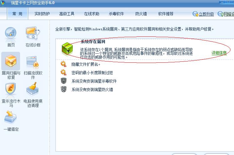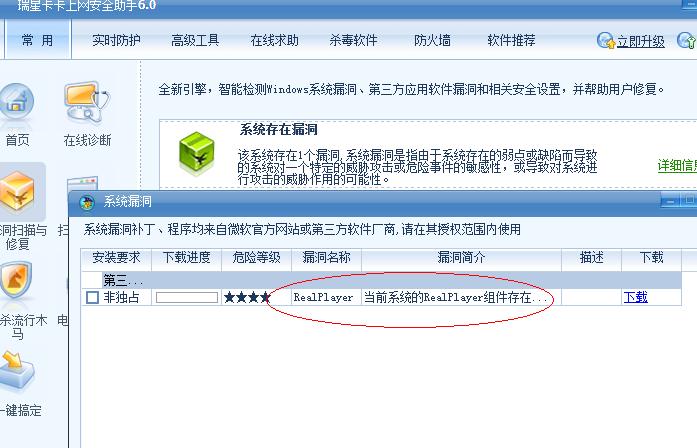 瑞星卡卡在vista sp1中的问题,我根本就没有安装过REAL,也没有安装什么完美解码之类的软件,竟然检测我系统有漏洞。。
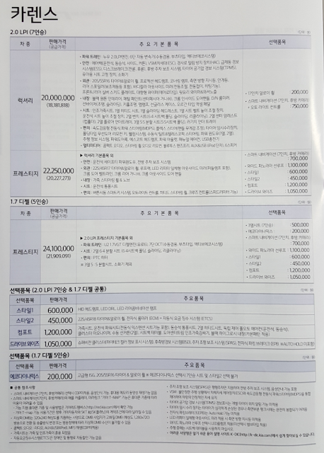 올 뉴 카렌스 2017 aka 더 뉴 카렌스 가격은 2천만 원부터 시작하는군요.
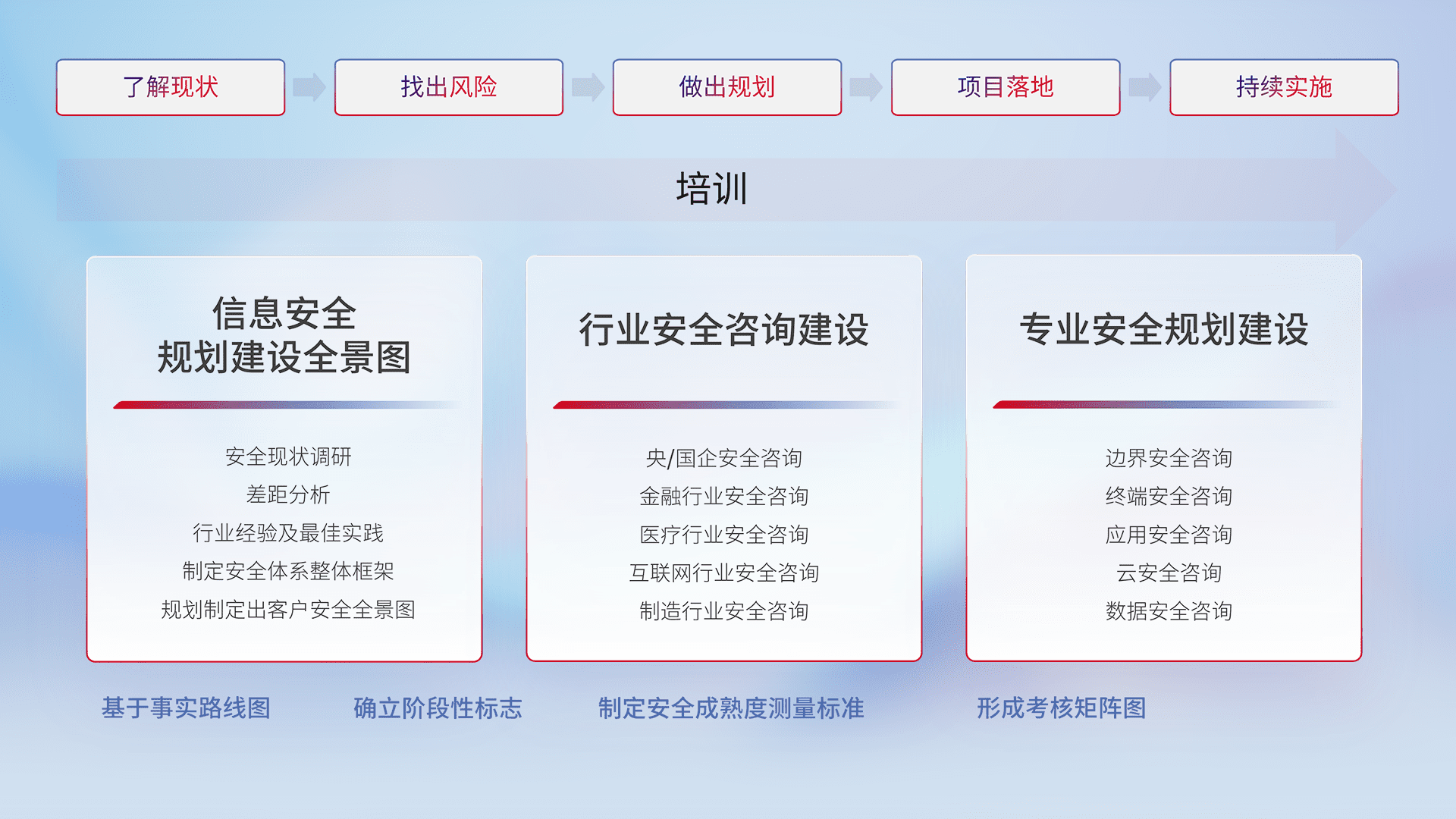 梳理客户信息安全现状调研、、差距分析结果,,,结合行业先进经验及最佳实践,,,制订客户的信息安全管控体系总结架构,,,,最终形成一个完整的客户信息安全规划与建设的全景图。。

* _WORK INSTRUCTIONS_:
First drop every picture, then print the data above exactly as it stands.

* _WRITTEN REPLY_:
 瑞星卡卡在vista sp1中的问题,我根本就没有安装过REAL,也没有安装什么完美解码之类的软件,竟然检测我系统有漏洞。。
 올 뉴 카렌스 2017 aka 더 뉴 카렌스 가격은 2천만 원부터 시작하는군요.
 梳理客户信息安全现状调研、、差距分析结果,,,结合行业先进经验及最佳实践,,,制订客户的信息安全管控体系总结架构,,,,最终形成一个完整的客户信息安全规划与建设的全景图。。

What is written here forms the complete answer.